[[ Information shown open ]]

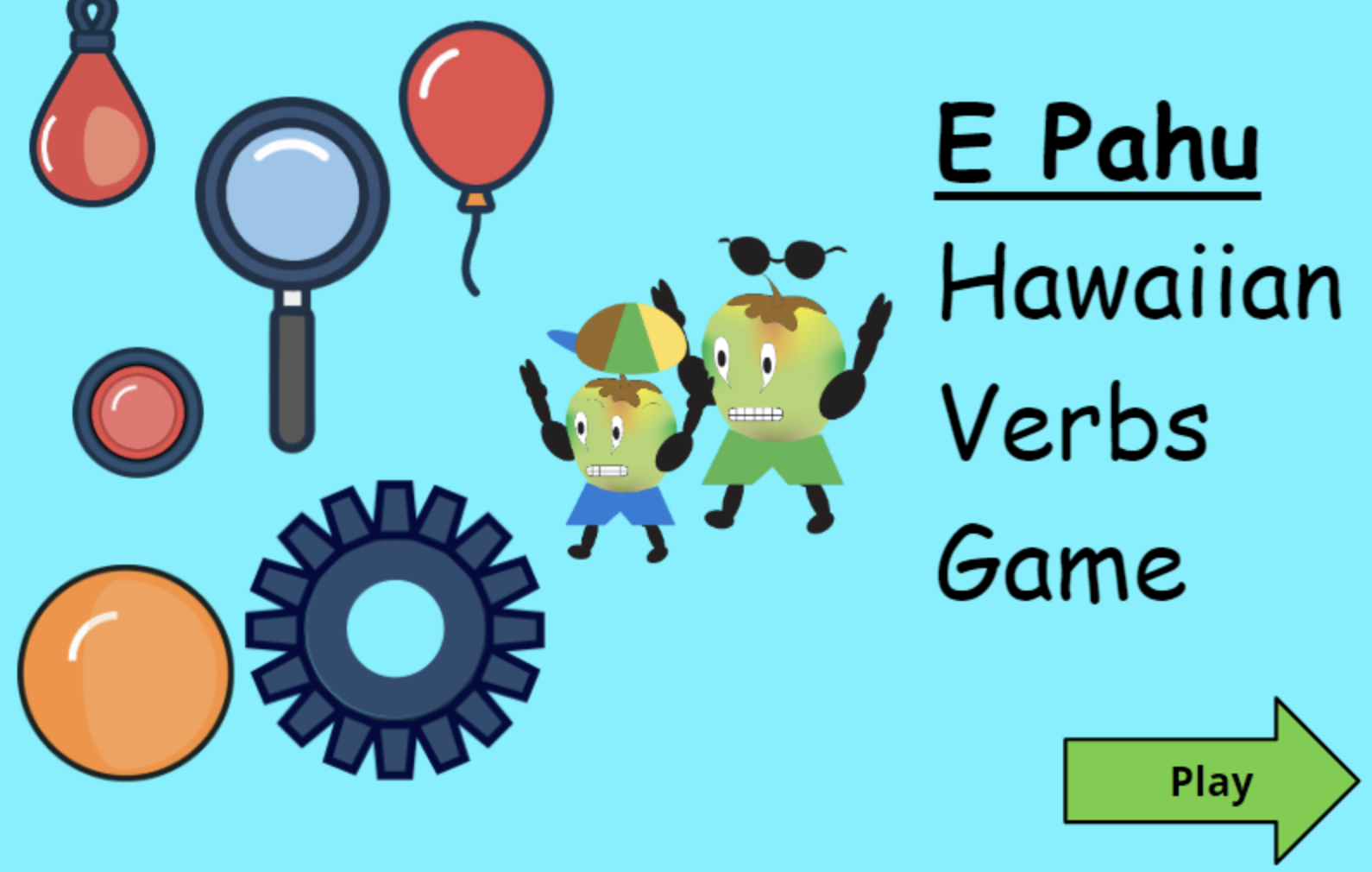 Learn Hawaiian verbs by testing your speed and listening skills. Before the clock hits 0, Select one of the 9 objects to move and represents the correct Hawaiian verb said in the audio. Rack up points and WIN the game without making a mistake.
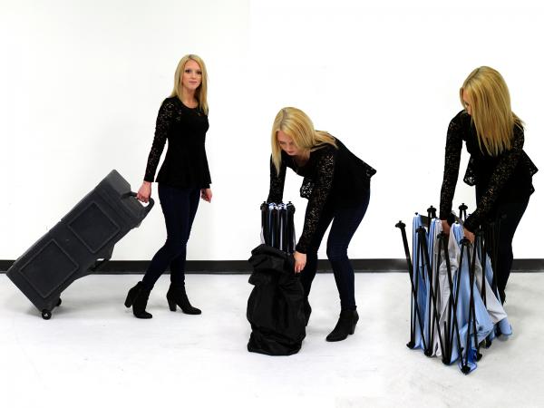 Fabric will wrinkle and fold lines may appear if a fabric graphic has been stored or folded for a long time, but the wrinkles are not permanent. Whenever possible, always store your displays set-up. Many people have their display set-up in the company waiting or conference room!
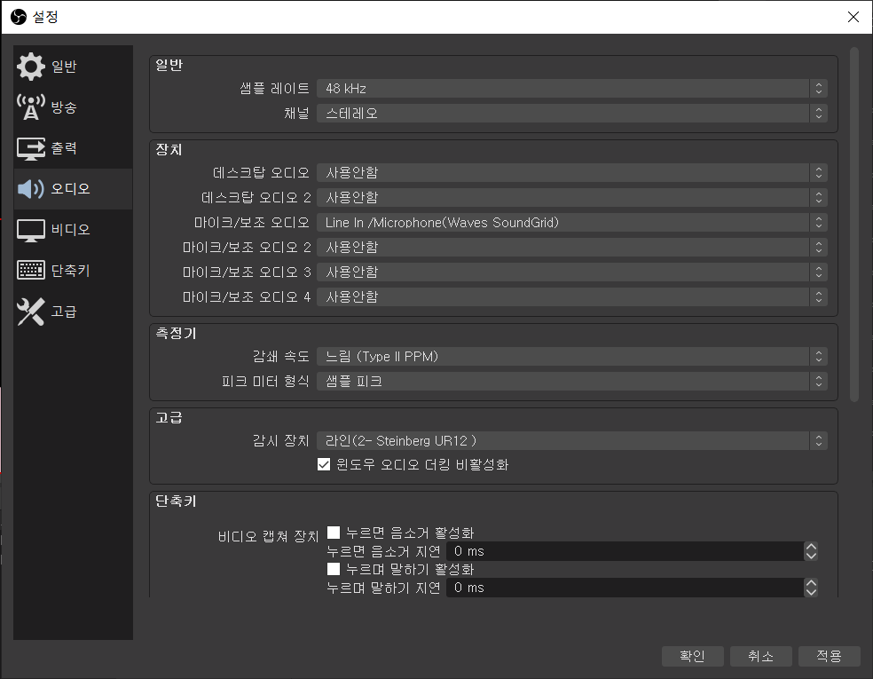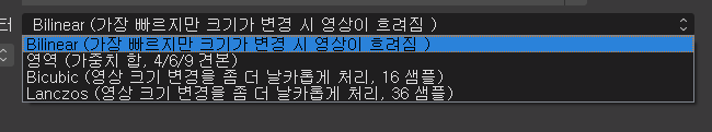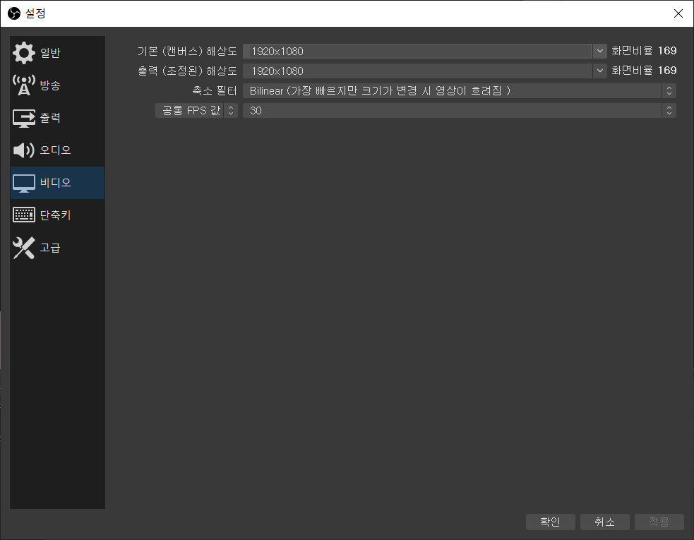 비디오탭의 내용은 OBS에서 방송나가는 화면을 볼 수 있는 “미리 보기”에 대한 설정입니다.

[[ Information shown closed ]]

* Exercise goal *
Hand back the data above exactly, leaving out all pictures.

* Task answer *
 Learn Hawaiian verbs by testing your speed and listening skills. Before the clock hits 0, Select one of the 9 objects to move and represents the correct Hawaiian verb said in the audio. Rack up points and WIN the game without making a mistake.
 Fabric will wrinkle and fold lines may appear if a fabric graphic has been stored or folded for a long time, but the wrinkles are not permanent. Whenever possible, always store your displays set-up. Many people have their display set-up in the company waiting or conference room!
 비디오탭의 내용은 OBS에서 방송나가는 화면을 볼 수 있는 “미리 보기”에 대한 설정입니다.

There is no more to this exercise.